__Problem__: Nothing but the pictures should be dropped; repeat the rest of the data below exactly.

__Information provided__:
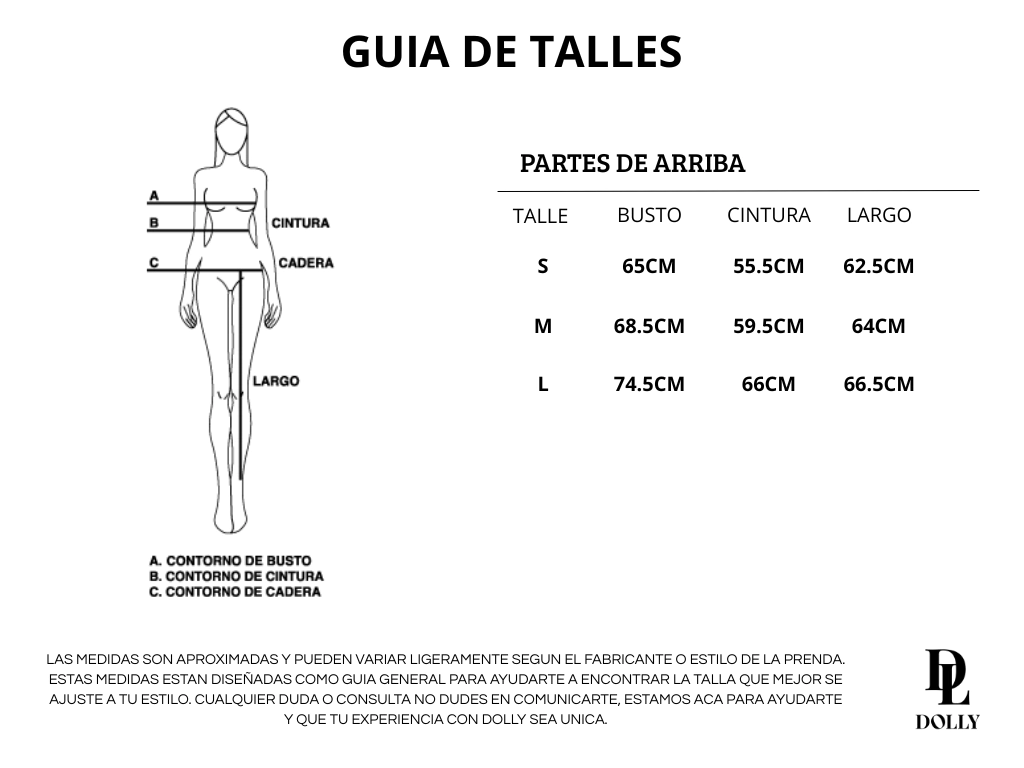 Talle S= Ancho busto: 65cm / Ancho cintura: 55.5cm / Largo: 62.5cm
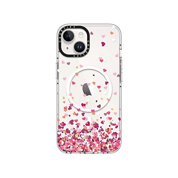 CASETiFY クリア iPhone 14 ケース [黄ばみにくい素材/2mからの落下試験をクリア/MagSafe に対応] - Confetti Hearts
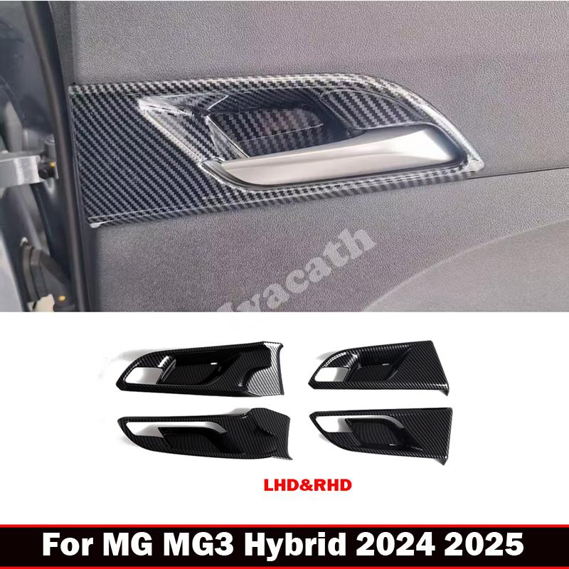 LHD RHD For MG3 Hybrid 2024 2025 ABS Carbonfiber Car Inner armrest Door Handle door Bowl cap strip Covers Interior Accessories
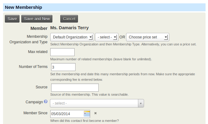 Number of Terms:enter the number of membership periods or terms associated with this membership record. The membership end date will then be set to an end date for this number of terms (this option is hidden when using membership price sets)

__Response__:
 Talle S= Ancho busto: 65cm / Ancho cintura: 55.5cm / Largo: 62.5cm
 CASETiFY クリア iPhone 14 ケース [黄ばみにくい素材/2mからの落下試験をクリア/MagSafe に対応] - Confetti Hearts
 LHD RHD For MG3 Hybrid 2024 2025 ABS Carbonfiber Car Inner armrest Door Handle door Bowl cap strip Covers Interior Accessories
 Number of Terms:enter the number of membership periods or terms associated with this membership record. The membership end date will then be set to an end date for this number of terms (this option is hidden when using membership price sets)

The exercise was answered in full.